Future Domain moved from Tustin to Irvine, California, sometime around 1990. That year, Future Domain was ranked the 187th fastest-grown private company according to an Inc. survey. Around 40 percent of the company's clientele were overseas; this had the side-effect of cushioning the company amid the early 1990s recession. The company had a projected revenue of $15 million in 1992 and shipped 1.5 million SCSI host adapters by 1993. In early 1992, the company acquired Western Digital's SCSI host adapter patents, technologies, and trademarks for an undisclosed sum. As well, they inherited Western Digital's customer base and remaining inventory of SCSI products.

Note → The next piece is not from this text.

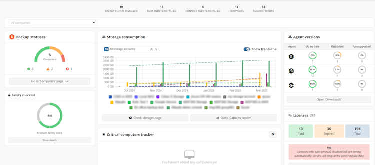 MSP360 Managed Backup is a centralized, multi-platform backup solution for MSPs. It offers automated backups, compliance-ready security, white-labeling, and seamless integration with MSP360 RMM and PSA tools. With flexible pricing and vendor-neutral storage support for Amazon S3, Microsoft Azure, Wasabi, Backblaze B2, and more, it enhances data protection while optimizing costs.

In 1993, Future Domain entered a relationship with IBM to be their exclusive supplier of SCSI host adpater cards across their multimedia systems; they saw extensive use in IBM's PS/2, PS/1, and PS/ValuePoint lines. By the mid-1990s, Future Domain's SCSI host adapter chips were nearly ubiquitous among vendors of multimedia PCs and CD-ROM kits. Many vendors opted to package their wares with Future Domain's TMC-840 card, among their most inexpensive offerings but also antiquated and slow by the standards of the mid-1990s, owing to its 8-bit data path. In 1993, Future Domain began supplying their each of their cards with the PowerSCSI! driver utility (also available for free on their BBS). It was lauded for its ease of use, with Jan Smith of Computer Shopper writing that it "makes SCSI what the standard has always promised to be—a plug-and-play connection for a variety of PC peripherals".

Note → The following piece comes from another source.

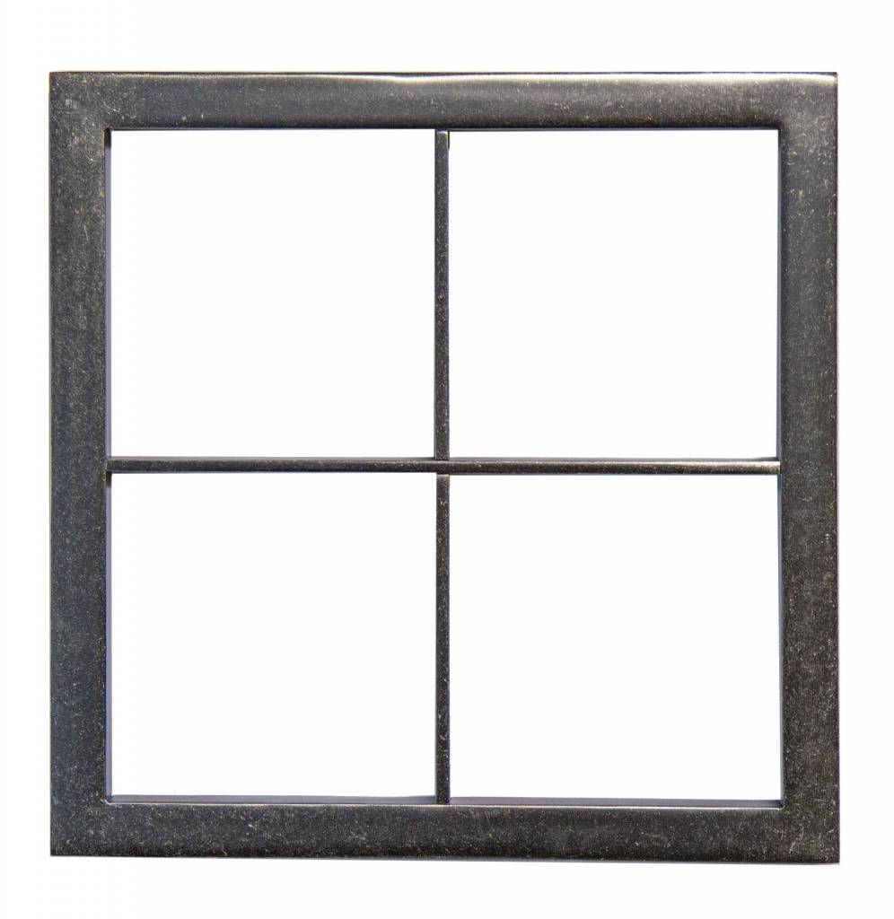 Der Sockel dieser quadratischen Bullaugen besteht aus Edelstahl, anschließend sind sie mit einer Altsilberbeschichtung versehen.

In 1994, Future Domain led a consortium of companies including Western Digital, Seagate, and Sony, to develop ATA Software Programming Interface (ATASPI; not to be confused with ATAPI), a proposed API specification for Windows that aimed to extend Windows' file system support for EIDE drives to include parallel tape drives. The proposal fizzled after several years.

In July 1995, by which point the company had 77 permanent workers and 20 freelancers, Future Domain was acquired by its chief rival Adaptec for $25 million.